Here A is \[\left\{ \varphi ,\left\{ \varphi \right\},1,\left\{ 1,\varphi \right\},2 \right\}\] so, its subsets will be \[\left\{ {} \right\}\] , \[\left\{ \varphi \right\}\] , \[\left\{ \left\{ \varphi \right\} \right\}\] , \[\left\{ 1 \right\}\] , \[\left\{ \left\{ 1,\varphi \right\} \right\}\] , \[\left\{ 2 \right\}\] , \[\left\{ \varphi ,\left\{ \varphi \right\} \right\}\] , \[\left\{ \varphi ,1 \right\}\] , \[\left\{ \varphi ,\left\{ 1,\varphi \right\} \right\}\] , \[\left\{ \varphi ,2 \right\}\] , \[\left\{ \left\{ \varphi \right\},1 \right\}\] , \[\left\{ \varphi ,\left\{ 1,\varphi \right\} \right\}\] , \[\left\{ \left\{ \varphi \right\},2 \right\}\] , \[\left\{ 1,\left\{ 1,\varphi \right\} \right\}\] , \[\left\{ 1,2 \right\}\] , \[\left\{ \left\{ 1,\varphi \right\},2 \right\}\] , \[\left\{ \varphi ,\left\{ \varphi \right\},1 \right\}\] , \[\left\{ \varphi ,\left\{ \varphi \right\},\left\{ 1,\varphi \right\} \right\}\] , \[\left\{ \varphi ,\left\{ \varphi \right\},2 \right\}\] , \[\left\{ \varphi ,1,\left\{ 1,\varphi \right\} \right\}\] , \[\left\{ \varphi ,1,2 \right\}\] , \[\left\{ \varphi ,\left\{ 1,\varphi \right\},2 \right\}\] , \[\left\{ \left\{ \varphi \right\},1,2 \right\}\] , \[\left\{ \left\{ \varphi \right\},\left\{ 1,\varphi \right\},2 \right\}\] , \[\left\{ \left\{ \varphi \right\},1,\left\{ 1,\varphi \right\} \right\}\] , \[\left\{ 1,\left\{ 1,\varphi \right\},2 \right\}\] , \[\left\{ \varphi ,\left\{ \varphi \right\},1,\left\{ 1,\varphi \right\} \right\}\] , \[\left\{ \varphi ,1,\left\{ 1,\varphi \right\},2 \right\}\] , \[\left\{ \varphi ,\left\{ \varphi \right\},\left\{ 1,\varphi \right\},2 \right\}\] , \[\left\{ \varphi ,\left\{ \varphi \right\},1,2 \right\}\] , \[\left\{ \left\{ \varphi \right\},1,\left\{ 1,\varphi \right\},2 \right\}\] , \[\left\{ \varphi ,\left\{ \varphi \right\},1,\left\{ 1,\varphi \right\},2 \right\}\] .

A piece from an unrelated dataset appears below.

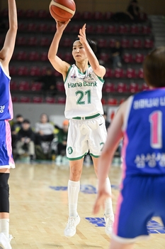 여자농구 부천 하나은행이 아시아 쿼터 이이지마 사키의 활약을 앞세워 용인 삼성생명을 12점 차로 꺾었다.하나은행은 24일 경기 용인체육관에서 열린 BNK금융 2025-2026 여자프로농구 정규리그 원정 경기에서 삼성생명에 76-64 승리를 거뒀다. 이상범 감독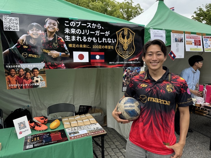 当日は、クラウドファンディングの周知活動を行い、GB FC公式ユニフォームやラオス産コーヒーの販売を通じて支援を呼びかけました。

For a proper subset we will omit \[\left\{ {} \right\}\] from the total subsets.

We can see that \[\left\{ \varphi ,\left\{ \varphi \right\},\left\{ 1,\varphi \right\} \right\}\] is one of subset of A so, the given statement is correct.

Hence, the statement is true.

Note: Students generally confuse between \[\varphi \] and \[\left\{ \varphi \right\}\] as they sometimes think they are some but they are not as \[\varphi \] is not considered as set but \[\left\{ \varphi \right\}\] is considered as singleton set or set with one element.